For those of you, like me, still learning as you go with Amazon Web Services, hopefully this will help you out.
The goal:
- When we reboot a Windows instance we would like to keep the same IP address.
- Stop being dependent on HOST files in Windows.
How the problem came about:
Our web app boxes were setup with a HOST file pointing to the SQL DB Server. However, each time we rebooted the SQL instance we would have to go in and possibly change the HOST file. In addition, in our connection strings were referencing the name assigned in the HOST file (i.e., DBSERVER). This has its disadvantages as we are not using a fully qualified domain name for this. This would limit us in the future for maintenance and in case we needed to scale out the backend side.
The first step we did was assign an elastic IP address to the DB Server. Next we created an A record in Route 53 to point to the new elastic IP (i.e., dbserver.yourname.com).
Next, we opened up port 1433 between the internal EC2 security groups. This way we are not opening up port 1433 to the outside world in anyway. We are simply saying “Ok web app servers in the web security group, you can now talk to db servers in the sql security group on port 1433”.

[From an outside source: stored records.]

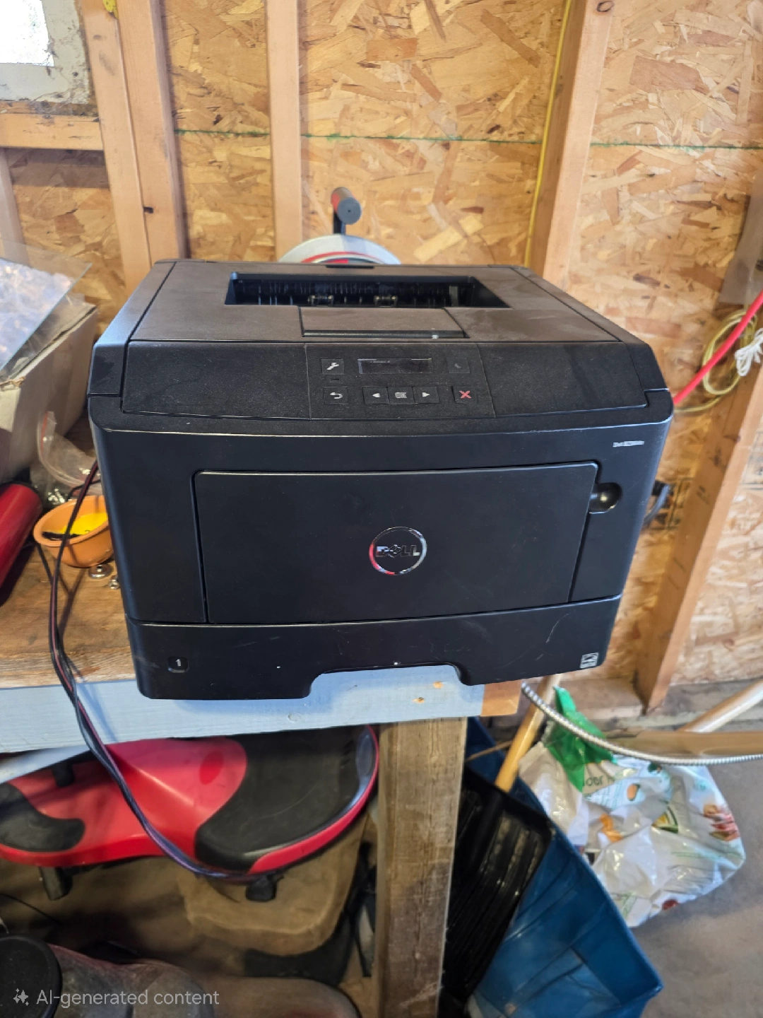 Selling a Dell laser printer in black. It's in good working condition and ready for a new home. Perfect for home or office use!
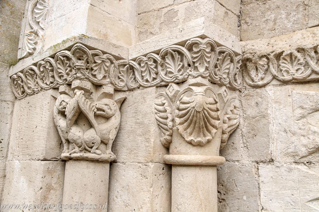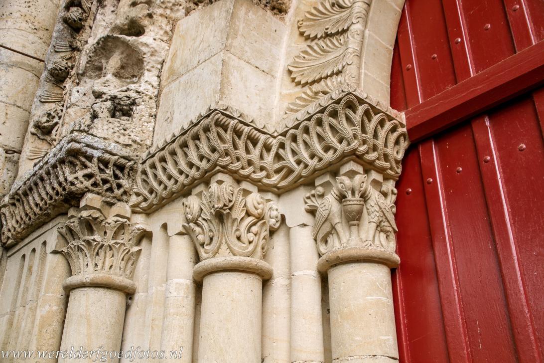 De romaanse kerk Saint Hilaire in Melle: Beeldhouwwerk op de deurposten van het noordelijke portaal. De kerk is verfraaid met een enorme hoeveelheid romaanse sculpturen, vooral aan de buitenmuren. De kerk Saint Hilaire werd tijdens de Honderd Jarige Oorlog (1337-1453) tussen Engeland en Frankrijk en tijdens de Franse Godsdienstoorlogen (1562-1598) grotendeels intact, hoewel het in de 19de eeuw een aanzienlijke restauratie onderging.
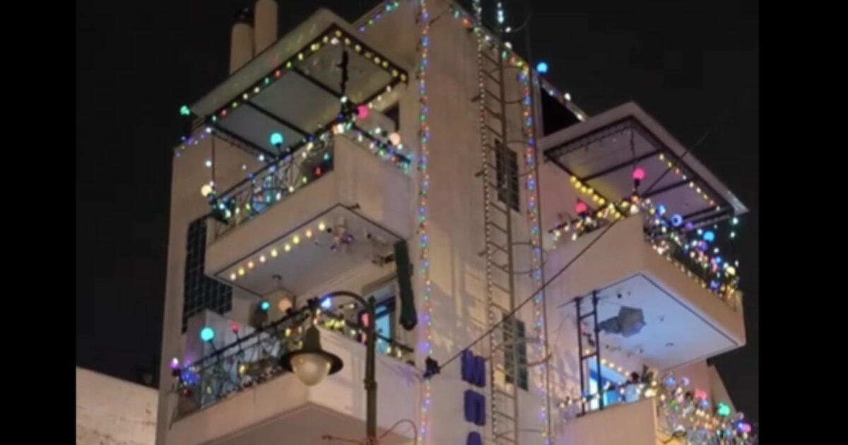 Όπως φαίνεται σε βίντεο που αναρτήθηκε στο TikTok, η πολυκατοικία στις Συκιές έχει γεμίσει με πολύχρωμα λαμπάκια, και είναι… έτοιμη για τα Χριστούγεννα παρά το ότι είναι ακόμη Σεπτέμβριος.

At first, I thought that would work…it didn’t. The reason I thought this would work is because when I went to the AWS re:invent conference I chatted with an engineer there regarding how routing works for the elastic IP’s and Route 53 records. He mentioned that AWS notices that the IP belongs to them and routes it right back, without going outside its network…pretty cool!
The solution to the problem was to make a CNAME record for the DB Server. So now I have attached an elastic IP of x.x.x.x to the instance. Now AWS creates a public DNS record of ec2-x-x-x-x….. Then I created a CNAME that was setup as dbserver.yourname.com pointing to ec2-x-x-x-x……
Now when the web security group goes to access the sql security group, it knows dbserver.yourname.com is inside the AWS network and will be able to access it by its private IP address within AWS.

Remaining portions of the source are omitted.